When she started reading about The Resort's request for a 300-room expansion of its hotel, the project caught her attention because she didn't remember ever hearing about it.
State law requires developers to disclose the zoning surrounding any home before the buyer agrees to purchase it. And since the Las Vegas City Council gave approval for The Resort's expansion, home owners in the area have been questioning whether they knew about The Resort in the first place.
"We were never notified of any casino," said Teresa Olszewski, a two-year resident of Angel Park. "That's why we bought here."

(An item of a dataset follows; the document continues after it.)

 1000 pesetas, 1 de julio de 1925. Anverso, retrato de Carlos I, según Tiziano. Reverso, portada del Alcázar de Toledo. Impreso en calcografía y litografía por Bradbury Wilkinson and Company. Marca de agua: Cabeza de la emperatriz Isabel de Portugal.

Olszewski and Glenn attended a meeting for home owners at Bonner Elementary School last week. Faye Steinberg, a resident of Tournament Hills who collected 500 petitions against The Resort's expansion, coordinated the meeting with attorney and former Las Vegas Councilman Matthew Callister.

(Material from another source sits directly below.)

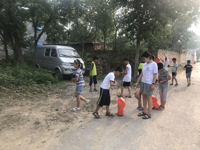 活动正式开始,志愿者与孩子们沿村路捡拾垃圾,从宽阔坦荡的公路到毫不起眼的角落,垃圾桶满了一次又一次。夕阳笼罩下的肖窑村,挥洒着大家劳动的汗水,回荡着大家句句环保的口号声。队伍不时路过乘凉的村民,孩子们热情的走上前,递一本环保宣传手册,说一句环保标语,收获一份赞美的目光,不少村民受到号召,自愿加入环保实践的的行列当中。实践课堂开展得十分顺利,小朋友们纷纷表示不仅自己以后一定不会乱扔垃圾,还会随时提醒身边的人注重保护环境。

During the meeting, Callister briefed residents on Nevada's disclosure laws and discussed whether Howard Hughes did its job in making sure residents knew about the casino. Though no final decisions were made, some residents have discussed taking legal action, and others have talked about sending the Hughes Corp. a petition asking for an explanation.
For officials at Howard Hughes, this has been the issue that will not die. After a messy public battle to get the hotel expansion approved by the council after the city's planning department denied it, the company recently received a letter from Callister saying he's been retained by a Summerlin resident to pursue the disclosure issue.
"We have probably gone beyond what the law requires us to disclose," said Mark Brown, vice president of the Howard Hughes Corp., adding that disclosure laws have changed in recent years, so there were different qualifications at different times. "What you're seeing is a continuation of the effort by Matt Callister to stir up this issue."
Callister could not be reached for comment.
"In retrospect," Brown said, "some of those people may wish they hadn't purchased their home, but the fact is they knew gaming would be at that site prior to their purchase."
Brown said Callister has been an enemy of the Hughes Corp. since this year's City Council race. During the election for Ward 4, Callister was accused of not disclosing a $10,000 check from Hughes. Though Callister returned the check, the political fallout was credited with his loss to Larry Brown.
And the fact that Callister is a lawyer, Brown said, furthers the theory that his involvement is a personal vendetta.
"Our company has a long history of harassment by attorneys," Brown said. "In the past, over the years, the Hughes name has attracted a bunch of two-bit lawyers who have tried to make a quick buck."
Residents, who know about the Callister-Hughes feud, deny that their questions about disclosure have anything to do with politics.
"I think they didn't disclose it properly," said Glenn. "There isn't anything on the map, and they never mentioned it. I know we talked with the agent at the time and said it was so great to get away from casinos and the noise. No one indicated anything to us that just south of us there's going to be a big gaming casino or two and six or seven more before Summerlin is complete."